I like to think of Haskell programs as a bunch of mathematical equations pretending to act like a programming language. After all, the following makes sense to a mathematician, but similar code most definitely won't work in most other languages:

a = 1
main = do print c
c = a + b
b = 2

No matter which order those four lines are arranged, it still works. In most languages, "a = 1" is read "set a equal to 1", but in Haskell, it's read as "a is defined to be 1". The order of the definitions don't really matter most of the time.

By the way, print c is the same as putStrLn (show c). show c converts c into a string; In Java, you'd write c.toString(). This illustrates three points:

  1. You don't use parentheses for function calls in Haskell (although you may sometimes have to wrap a particular argument in parentheses).

  2. In general, what would be object.method() in Java is written method object in Haskell.

  3. Every call to print implicitly calls show. Because Haskell is oriented toward functions, the idiom is to pass an object as the first argument to a function that acts like a method.

Before I get too carried away, let me show you one of the things I find most fascinating about Haskell's type system. (Haskell's type system and this feature in particular are shared with other languages in the ML language family.) Haskell's compiler is smart enough to let you write a swap function that takes two values of any type and return a tuple of the two values reversed.

swap x y = (y, x)
main = do print (swap 3 4)

This is possible because the types really don't matter here. However, it's also smart enough to infer types if you don't explicitly state them and even complain about type errors at compile time that you would think could be caught only at runtime. For instance, the following is acceptable:

                                  -- an end-of-line comment
add1 x = x + 1                    -- x must support "+ 1"
callAdd1 x = add1 x               -- callAdd1 looks "harmless"
main = do print (callAdd1 1)      -- pass a number to callAdd1

However, Haskell will complain about the following at compile time:

add1 x = x + 1
callAdd1 x = add1 x
main = do print (callAdd1 'a')    -- pass a Char to callAdd1

$ runhugs add1.hs
ERROR "add1.hs":3 - Unresolved top-level overloading
*** Binding             : main
*** Outstanding context : Num Char

It's complaining that I passed a Char to something that requires a Num. Num is what's called a type class, which is similar to an interface in Java. There are many different types that "implement" the Num "interface", but Char is not one of them.

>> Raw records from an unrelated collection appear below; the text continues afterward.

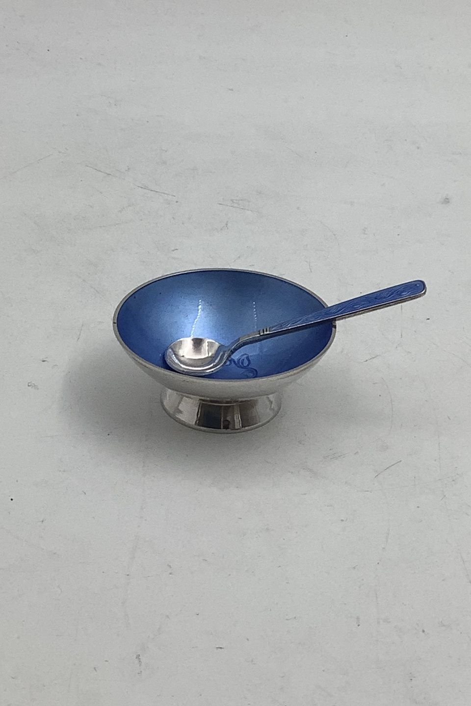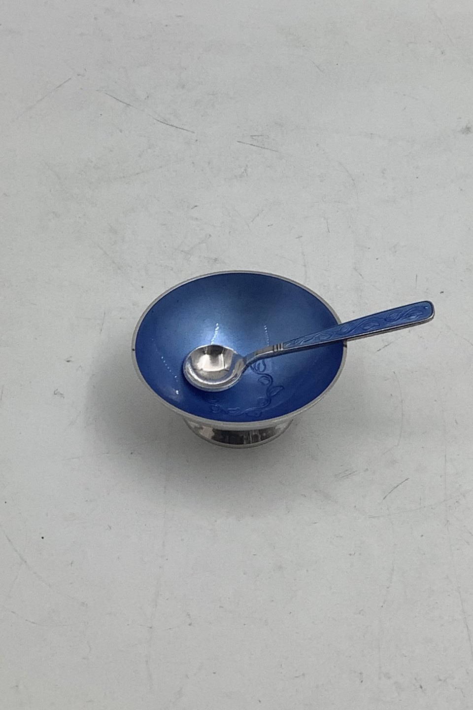 Volmer Bahner Sterling Sølv Saltkar med Blå emalje og ske
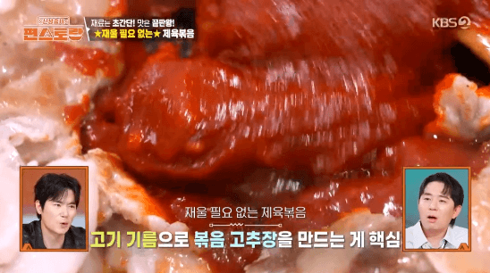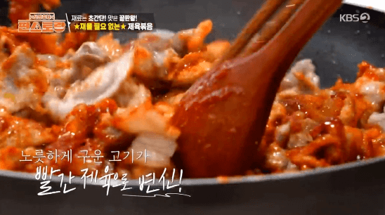 먹는 것에 일가견이 있는 김준현씨가 드디어 편스토랑에 편셰프로 출연했습니다. 즉석에서 만드는 여러 가지 제육요리를 소개했는데요, 그 첫 번째로 즉석 제육볶음을 만들어 보겠습니다. 즉석
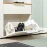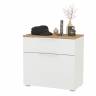 Тумба для обуви Октава 16.127. Цвет - белый шагрень/дуб золотой. Габариты (ШхГхВ) - 64,9х35,4х62,2 см. Аккуратная обувница с выдвижным ящиком для мелочей сверху и нишей с откидной дверкой с полками для обуви снизу. Вмещает до 6 пар невысокой обуви. Шариковые направляющие полного выдвижения. Металлические ручки.
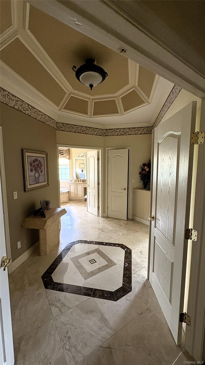 - Entrance foyer with baseboards, inlaid floor details, and ornamental molding
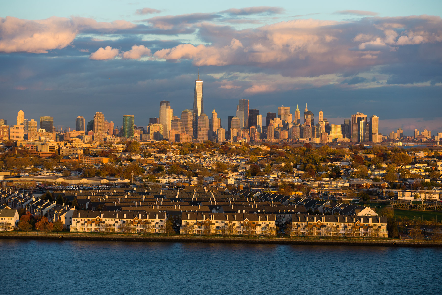 Manhattan and the One World Trade Centre seen from Jersey City, New York, New Jersey, United States (40°42’ N, 74°06’ W).
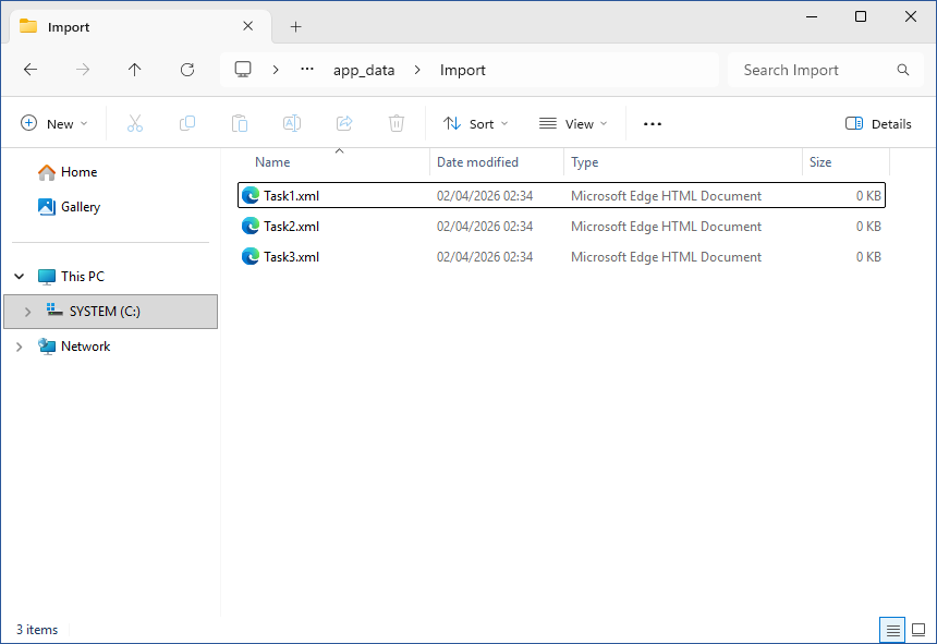The scheduler can be configured to automatically import data from XML or ZIP files found in the import directory. These files are generated by the XIA Configuration Client when configured on the file output tab of the scan profile settings.
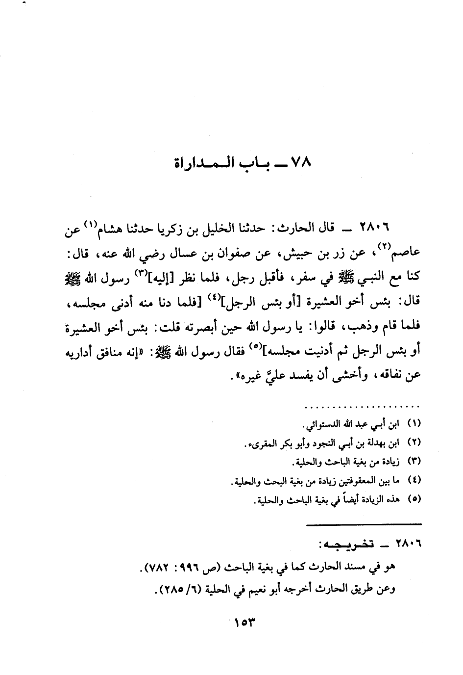 2806 - قَالَ الْحَارِثُ: حَدَّثَنَا الْخَلِيلُ بْنُ زَكَرِيَّا حدثنا هِشَامٌ عَنْ عَاصِمٍ، عَنْ زِرِّ بْنِ حُبَيْشٍ، عَنْ صَفْوَانَ بْنِ عَسَّالٍ رَضِيَ الله عَنْه، قَالَ: كنا مع النبي صَلَّى اللَّهُ عَلَيْهِ وَسَلَّمَ فِي سَفَرٍ، فَأَقْبَلَ رَجُلٌ، فَلَمَّا نَظَرَ [إِلَيْهِ] رَسُولُ اللَّهِ صَلَّى اللَّهُ عَلَيْهِ وَسَلَّمَ قَالَ: §بِئْسَ أَخُو الْعَشِيرَةِ [أو بئس الرجل] [فلما دنا منه أدنى مجلسه، فلما قام وذهب، قالوا: يا رسول الله حين أبصرته قلت: بئس أخو العشيرة أو بئس الرجل ثم أدنيت مجلسه] فَقَالَ رَسُولُ اللَّهِ صَلَّى اللَّهُ عَلَيْهِ وَسَلَّمَ: " إِنَّهُ مُنَافِقٌ أُدَارِيهِ عَنْ نفاقه، وأخشى أن يُفْسِدُ عَلَيَّ غَيْرَهُ ".

Now, Pascal programmers might start feeling smug at this point until I remind them that nowhere in the code did I mention x is an int or a Num or anything like that. Similarly, fans of scripting languages with duck typing ( might also start feeling smug at this point until I remind them that this error was caught at compile time. (Although Hugs is an interpreter, there is a traditional, native compiler for Haskell called the Glasgow Haskell Compiler (, and it could indeed detect this type error at compile time.)

Translating the State of the World

To remain purely functional, Haskell makes a strong distinction between functions that do I/O, which is considered a side effect, and those that don't, which is considered purely functional. In Java, all non-runtime exceptions that are raised in a method must be declared in the signature. (Whether or not checked exceptions are a good thing in Java is another subject.) Similarly, in Haskell, all functions that do I/O must make use of the IO monad, which impacts the signature of the function. Hence, the question is, as a programmer, where do you draw the line between functions that can do I/O and functions that live in the purely functional world?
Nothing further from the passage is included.